Heart rabbit fast. Tight throat. He’s scared. He’s scared. He's sixteen and he wants to play football. He doesn’t want to do this. Please. Please.
“Ahhh!” He suddenly yelled, scaring Isagi. His face is scary, eyes wide and black. His pheromones attack Isagi, has him frozen stiff. “Well, if you’re that indecisive, I don’t know what you’re doing here!”
“No!” Isagi trembled, a lamb to the slaughter. “I’ll—I want to… to stay…”
“Then you’ll do as you’re commanded, right?” A hazardous, disgusting scent spreads. Gleeful. Sly. Oily. The safety he felt with him was ripped apart in an instant.
He knows what he wants.

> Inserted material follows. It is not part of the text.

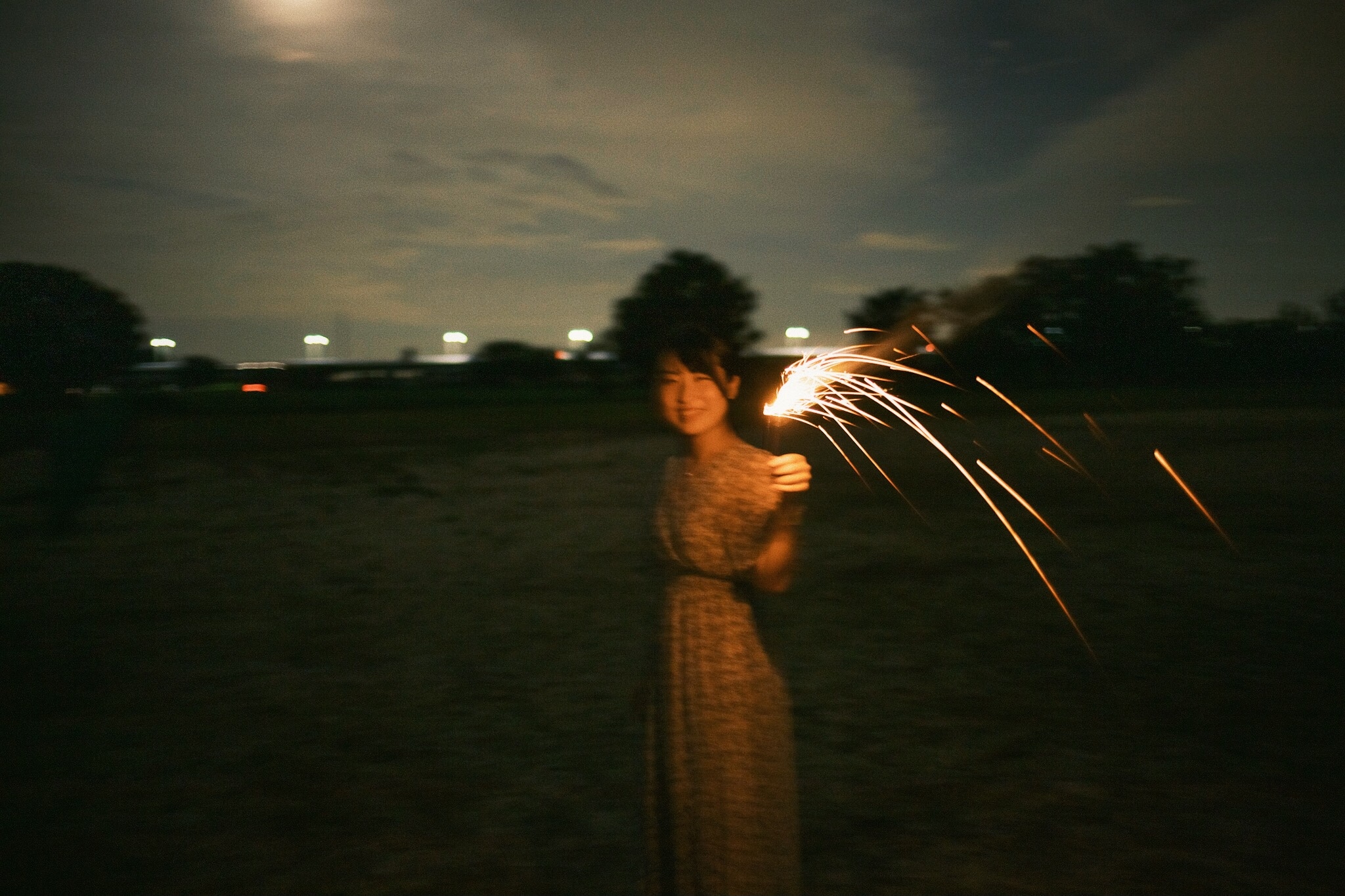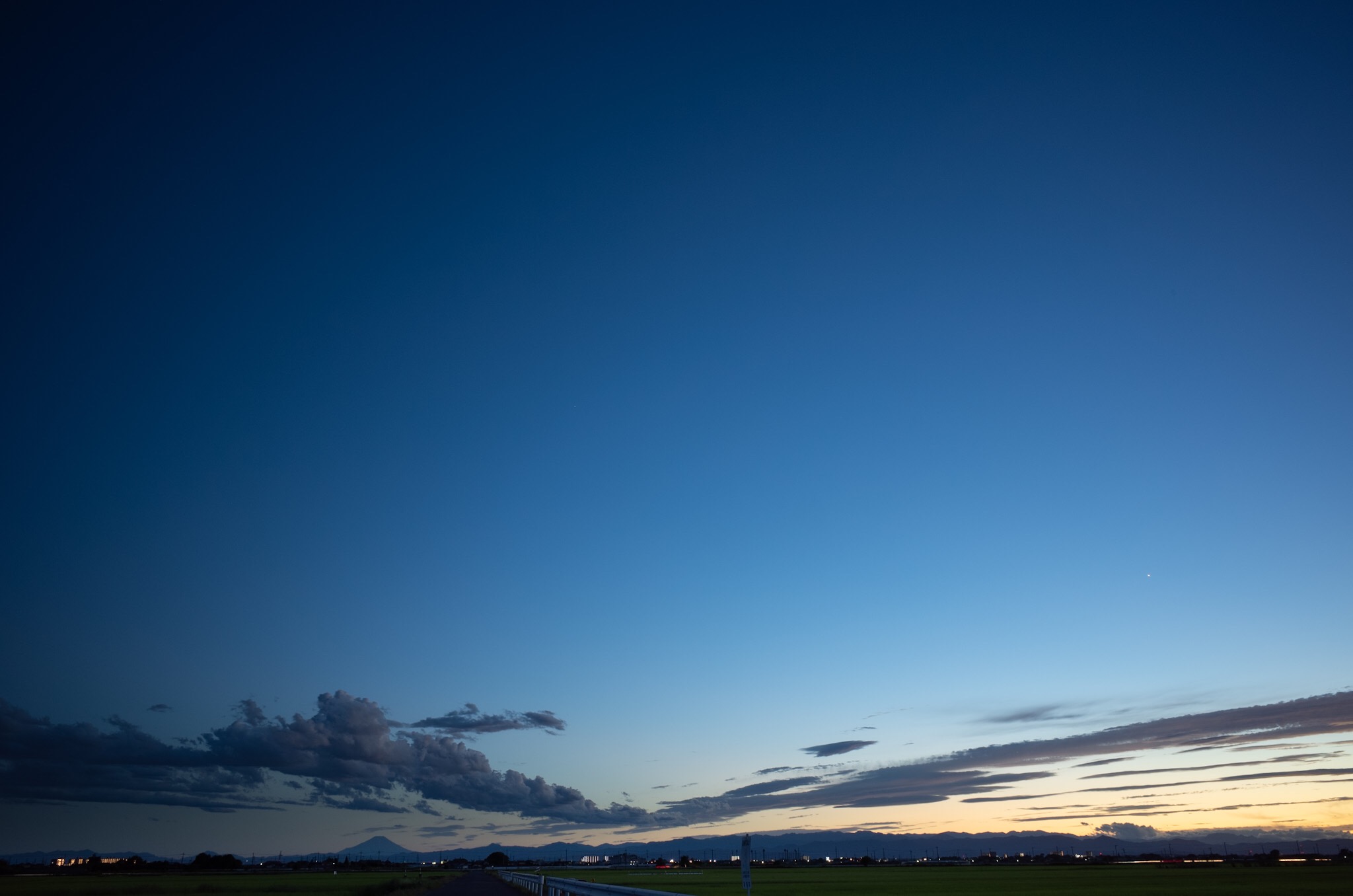 車での移動中、夕日の沈んだ空の青がとても綺麗だったので、車を停めて撮りました。

What any alpha wants. (He's been learning.)
“….”
“Yes, coach…”
(If it was all for his dream, he can bear it, he can take it, so please let him survive.)
Even after, even in Blue Lock, his foothold, his relentless, exhilarating prison, Isagi would sometimes be overcome with the phantom sensation of being marked, would be reminded of the world outside his little bubble. It would paralyze him, pull him back down.
Scents that overpowered, blood that spilled, filth rubbed into skin. Saliva. Cum. Piss.
Unlit by the darkness, rubbed raw, Isagi would shatter again.
And each time, he picked himself up, shoved the pieces together again. Each time, he hated them more, cursed them more, begged to know why it had to happen; what did he do? Why did he deserve it?
(He hated them, but at his lowest, knee-deep in the rot and the mud, he hated himself the most.)
When Isagi opens his eyes again, Yoichi becomes the bearer of their duality. He holds their dreams in his cupped hands, stronger, his vision clear-cut. He's confident, fierce, his ego twice-reborn to soar the skies.
Isagi lives beside him, is cradled in the core of his soul, but Yoichi mourns him just as well.
Yoichi will never let himself fall back into Isagi.